- [EXERCISE MATERIALS]
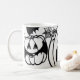 ¡Este diseño blanco y negro da un poco de miedo mientras sigue siendo lindo! Las calabazas y los murciélagos son el principal atractivo del ojo, pero también se pueden ver las telarañas. Un gran toque para hacer que tu hogar sea un poco más espeluznante. Un gran regalo para el amante de Halloween que puedas conocer.
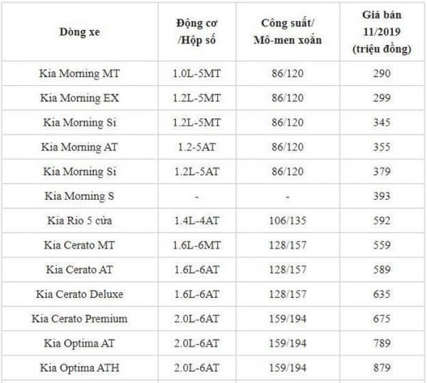 Dưới đây là bảng giá các mẫu xe ô tô KIA cập nhật cuối tháng 11/2019 tại thị trường Việt Nam:
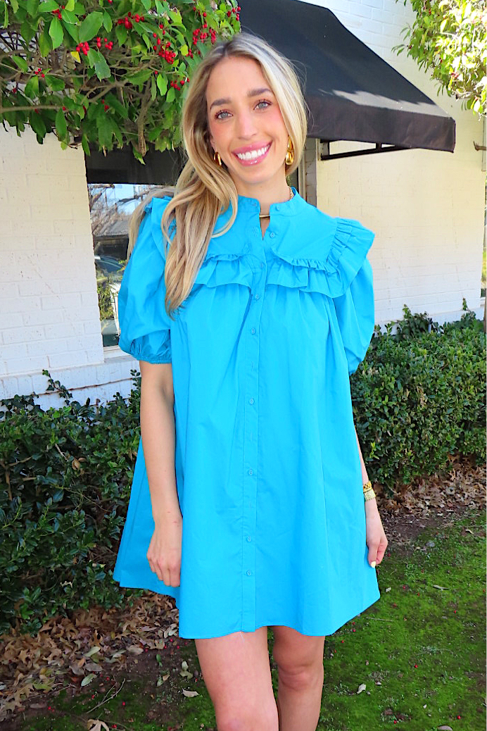 TURQUOISE PUFF SLEEVE RUFFLE DRESS (size large left)
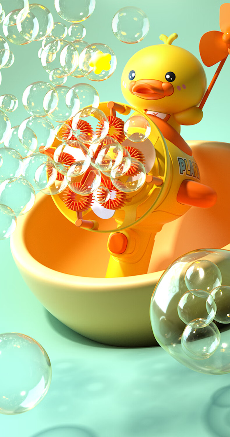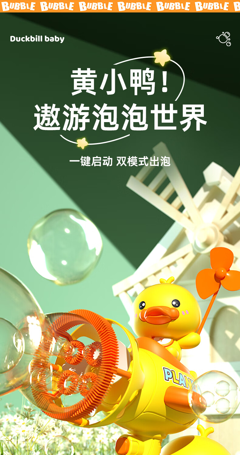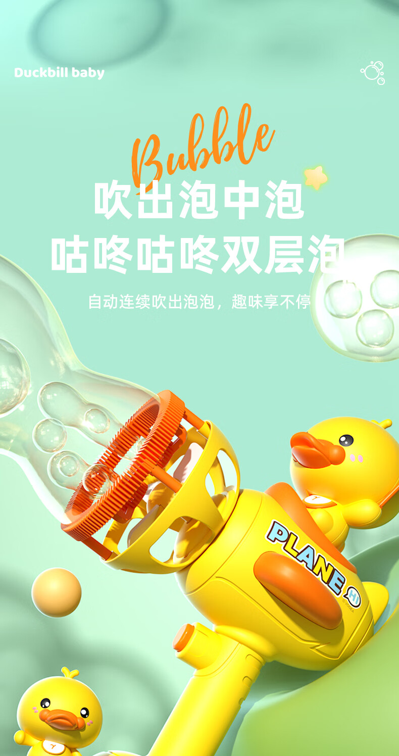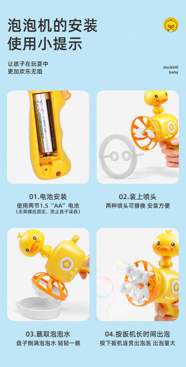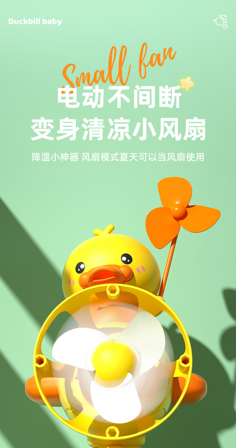 鑫思特(XST)儿童黄鸭风扇泡泡机1-3岁8电动吹大泡泡枪两用不漏水玩具生日礼物
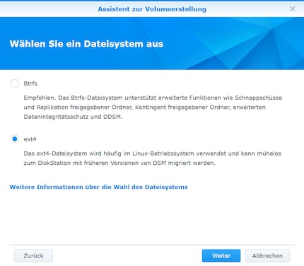 Although Synology recommends using Btrfs, I choose ext4. Not only because of the speed, but also because, in an emergency, ext4 allows me to read the contents of a hard drive from an external enclosure relatively easily
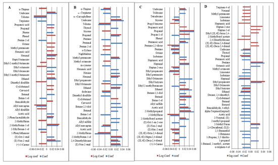 Standardized coefficients of volatile compounds used to predict odors: rancid (A), fermented (B), vinegar (C), and pork meat (D).
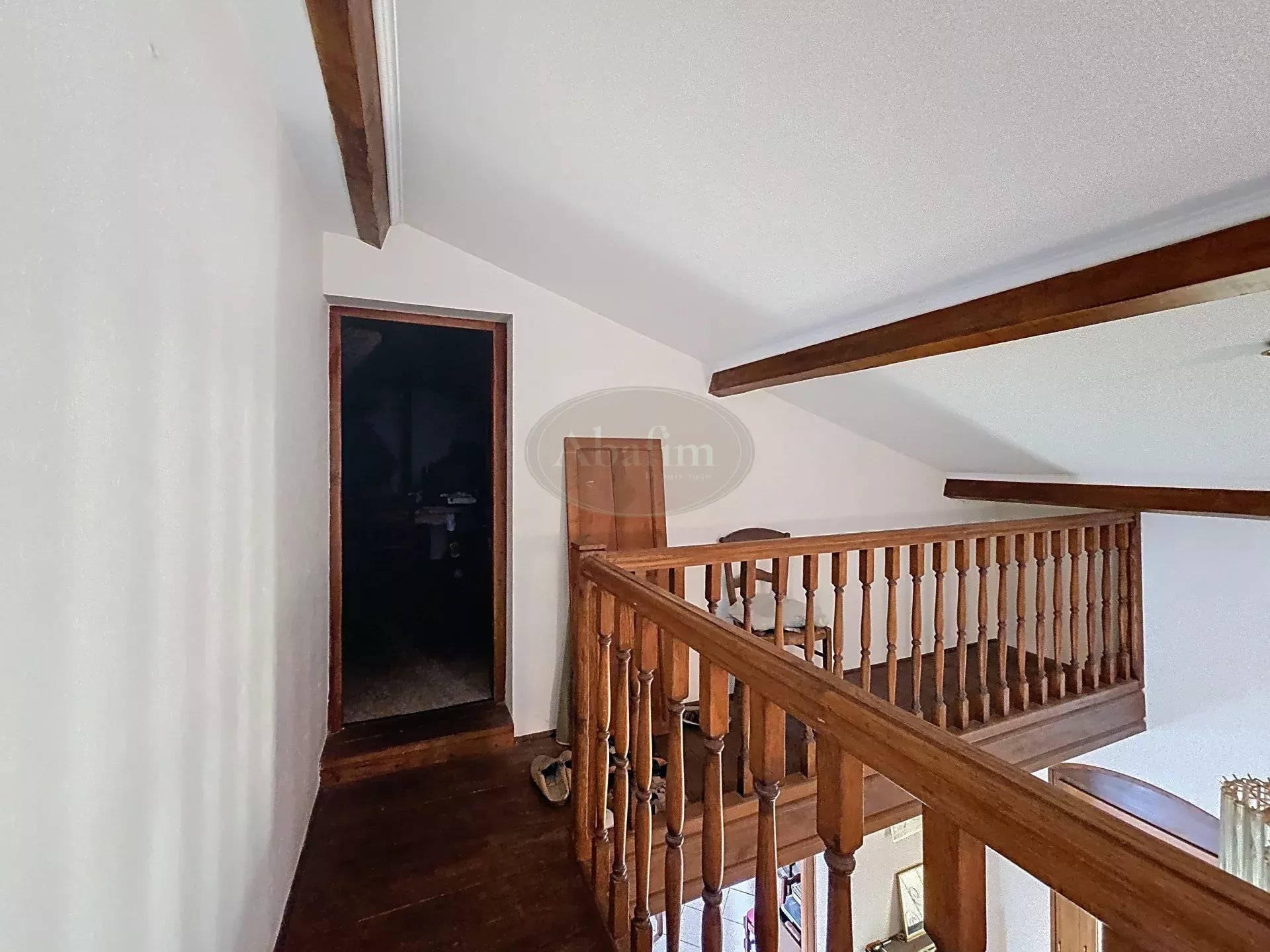 De vuelta al vestíbulo, una bonita escalera de madera conduce a la primera planta. Una galería y un pasillo conducen a este nivel.
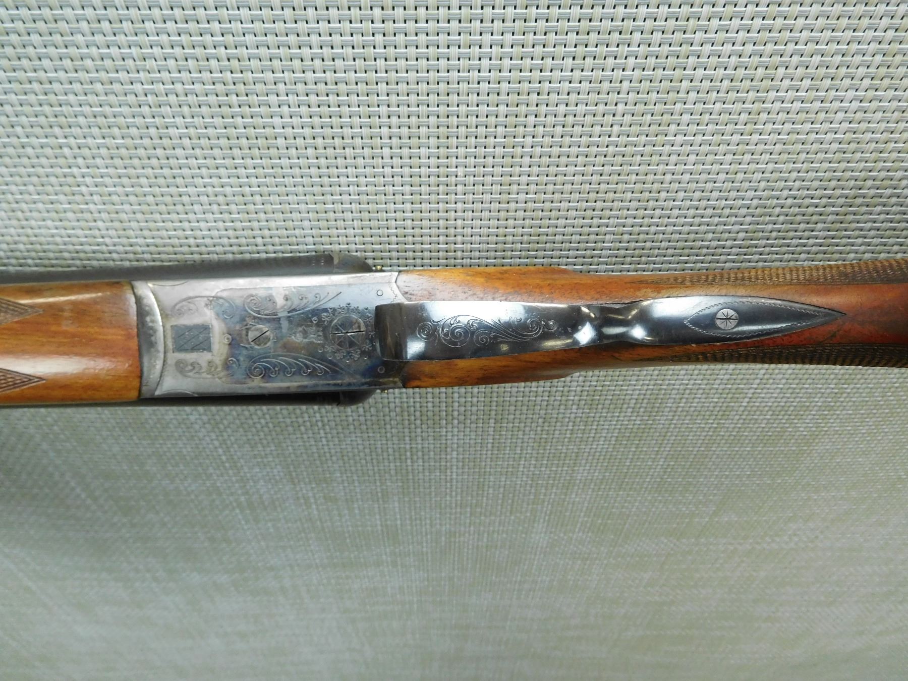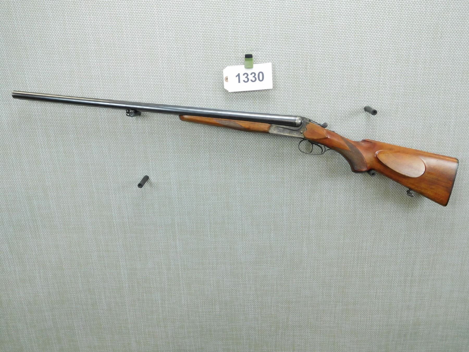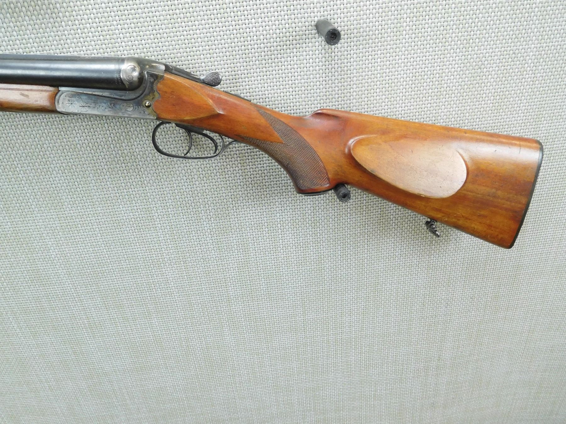 BORES ARE VERY GOOD, BEAD FRONT SIGHT, CHECKERED FOREND AND CAPPED PISTOL GRIP BUTT STOCK WITH RAISED CHEEK PIECE, PLASTIC BUTT PLATE, SHOWS SOME HANDLING MARKS, COCKING INDICATORS , SERIAL # 535280 , ACTION: SIDE BY SIDE BREAK ACTION SHOTGUN , BARREL LENGTH: 28" , CONDITION: 6/10 , STOCK # 7686 , CLASS: CANADIAN NON RESTRICTED CLASS
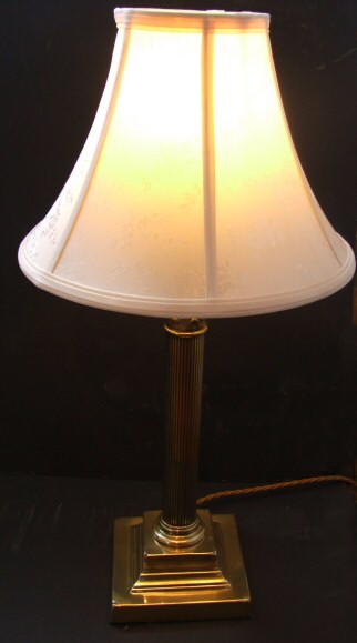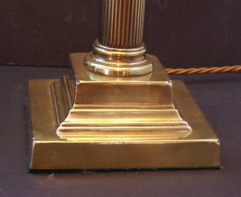 Excellent quality Edwardian brass Corinthian column table lamp Circa 1900 this impressive large solid brass Corinthian column table lamp stands on substantial stepped base and is baize lined. The circular reeded stem capped with acanthus detailing with later soft peach silk shade. Excellent condition, very heavy and rewired with soft gold silk flex. Height including shade 23" Base 6" Price £255 (Ref :CHA135) Email Us for a delivery quote : Click Here

- [PROBLEM DESCRIPTION]
Skipping the pictures, print the lines in the listing above exactly as written, starting at the line with "TURQUOISE PUFF SLEEVE" and ending at the line with "BORES ARE VERY", both included.

- [SOLUTION BELOW]
 TURQUOISE PUFF SLEEVE RUFFLE DRESS (size large left)
 鑫思特(XST)儿童黄鸭风扇泡泡机1-3岁8电动吹大泡泡枪两用不漏水玩具生日礼物
 Although Synology recommends using Btrfs, I choose ext4. Not only because of the speed, but also because, in an emergency, ext4 allows me to read the contents of a hard drive from an external enclosure relatively easily
 Standardized coefficients of volatile compounds used to predict odors: rancid (A), fermented (B), vinegar (C), and pork meat (D).
 De vuelta al vestíbulo, una bonita escalera de madera conduce a la primera planta. Una galería y un pasillo conducen a este nivel.
 BORES ARE VERY GOOD, BEAD FRONT SIGHT, CHECKERED FOREND AND CAPPED PISTOL GRIP BUTT STOCK WITH RAISED CHEEK PIECE, PLASTIC BUTT PLATE, SHOWS SOME HANDLING MARKS, COCKING INDICATORS , SERIAL # 535280 , ACTION: SIDE BY SIDE BREAK ACTION SHOTGUN , BARREL LENGTH: 28" , CONDITION: 6/10 , STOCK # 7686 , CLASS: CANADIAN NON RESTRICTED CLASS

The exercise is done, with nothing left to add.